The chorus uses a compact phrase and an upbeat, energetic tone to camouflage the raw truth: “She only loves me for my money.” The next phrase employs almost the exact same melody for its confession “I ain’t got none, honey,” but the blues-based progression adds some tension to the mix.

“Because the chord goes to the four minor, it changes both what the harmony vocal does and the way the original melody feels against that harmony,” says DeRoberts. “It makes it feel like a totally different thing.”

By the end of that chorus, the singer reveals the full game he’s playing, hoping he can “find some paper [so] we can really fall in love.” “It’s referred to as paper in a lot of rap songs,” says Lay. “I don’t really go around saying, ‘Hey, let me get some paper,’ but I’ve heard it in a lot of songs.”

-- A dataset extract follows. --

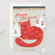 Cute Christmas card with a retro vibe featuring an illustration of a red cat and a text "Meowy Christmas". Perfect for cat lovers. Customise this card with your name. Original artwork by Marketa Stengl.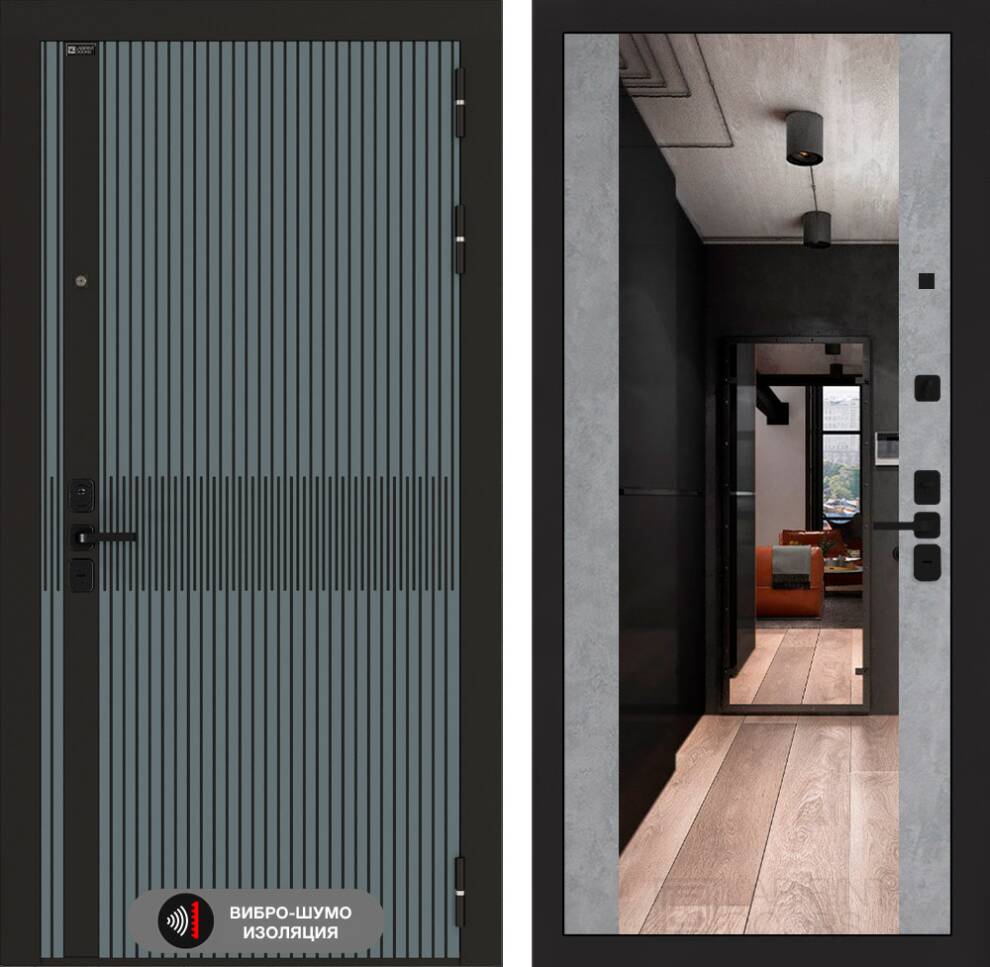 Входная дверь ART LT-01 | внутри с Зеркалом Максимум - Бетон светлый

DeRoberts fashioned the bulk of the first demo on the night they wrote it, creating an arc in the track by alternating between big, acerbic guitar tones and dropout sections where the arrangement was little more than a vocal on top of drumbeats and hand claps. “That was indispensable when it came time to cut it,” says Lay.

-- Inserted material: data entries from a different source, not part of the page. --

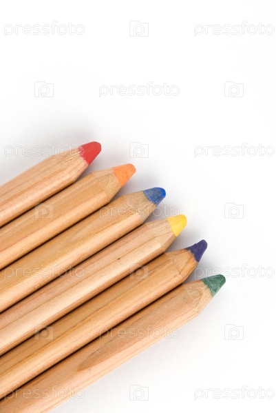 Большие цветные карандаши с тенью на белом фоне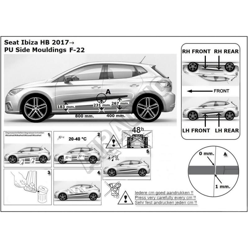Ochranné boční lišty na dveře, Seat Ibiza V, 2017+, HTB přesně na míru pro váš vůz vyrobeny dle sou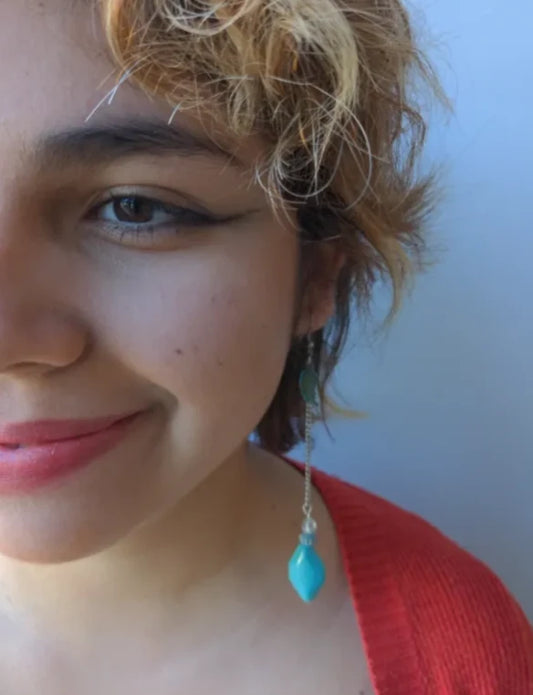 Earrings - Blue and White Silver Jingle Bell Drop Hook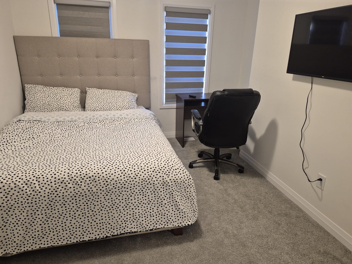 Propre, confortable, chaleureux appartement de sous-sol privé récemment rénové avec entrée séparée et parking. La chambre principale comprend une télévision de 42", un lit queen size avec un nouveau matelas/sommier et toute la literie nécessaire pour un sommeil confortable. La deuxième chambre contient un nouveau futon. La cuisine/salon est un concept ouvert avec une nouvelle télévision 43". La cuisine est propre, moderne et contient toutes les nécessités pour préparer tous les types de repas.

“For My Money” was in his catalog as EMI Nashville introduced him to radio with “Speakers, Bleachers and Preachers” in 2017 and “Yada Yada Yada” in 2018. Both songs peaked in the 40s on Country Airplay, but they brought opportunities. They played well when he opened stadium dates for Kenny Chesney, and he was asked to do a Vevo DSCVR performance in New York, where he broke out “For My Money” for the first time.

Producer Mikey Reaves (Caylee Hammack, Emily Hackett) thought that song had a unique edge, and when Lay cut three tracks for an Amazon Originals session in January 2019, they put “For My Money” on deck. DeRoberts supplied the stems from his demo, and Reaves reworked it as a reference when he booked drummer Fred Eltringham, bassist Rich Brinsfield and keyboardist Davis Nash for a Blackbird Studio session that yielded a highly rhythmic undertow.

“The thing that ended up really feeling good was that tom groove for the chorus, which you don’t find often in a country single,” says Reaves. “There are just things about it that felt appropriate because the song lyrically is almost cartoonish.”

Ilya Toshinsky layered spiky guitars on top, and Lay doubled all his vocal parts, creating a power boost to the song’s central character. Big, shouted background vocals added a Def Leppard effect on top of the blues-based chord structure. In the process, “For My Money” folds in ‘70s classic rock, ‘80s hair band and ‘90s country and hip-hop influences.

“Part of his aesthetic is not being too exact or neat,” notes Reaves. “There’s something very knee-jerk and rock ’n’ roll about him in his musical leanings and his songwriting, so I was trying to make it slam and have everything kind of feel intentional, but then again have little things that felt impulsive just stick out.”

Lay also created a spoken-word vamp that lampoons the jet-set lie as the protagonist asks his girlfriend to hold the flashlight while he tries to crank the engine on his stalled truck.

Lay and Morris Higham Management financed the sessions without securing EMI’s approval, then finally took six tracks to the label. He saw “For My Money” as a song that was “too quirky” to be a single. But with Universal Music Group Nashville senior vp A&R Stephanie Wright shepherding the process, EMI got behind the song as the next release. “Everything’s kosher now,” says Lay, “but to be honest, I don’t know what would have happened if they didn’t like it.”

EMI sent “For My Money” to country radio PlayMPE on Jan. 6, giving listeners a wacky take on the role of deception in love. Even the most honest people typically present the best version of themselves to potential partners, so it’s tough to imagine too many music fans who can’t see at least a piece of their personality in the song. Lay certainly does.

“I’m not going to lie,” he says. “When I met my wife, I’m sure I pulled every card out of the hat to keep her interested slightly enough till we could solidify our relationship a little bit. Absolutely, I’ve used that trick.”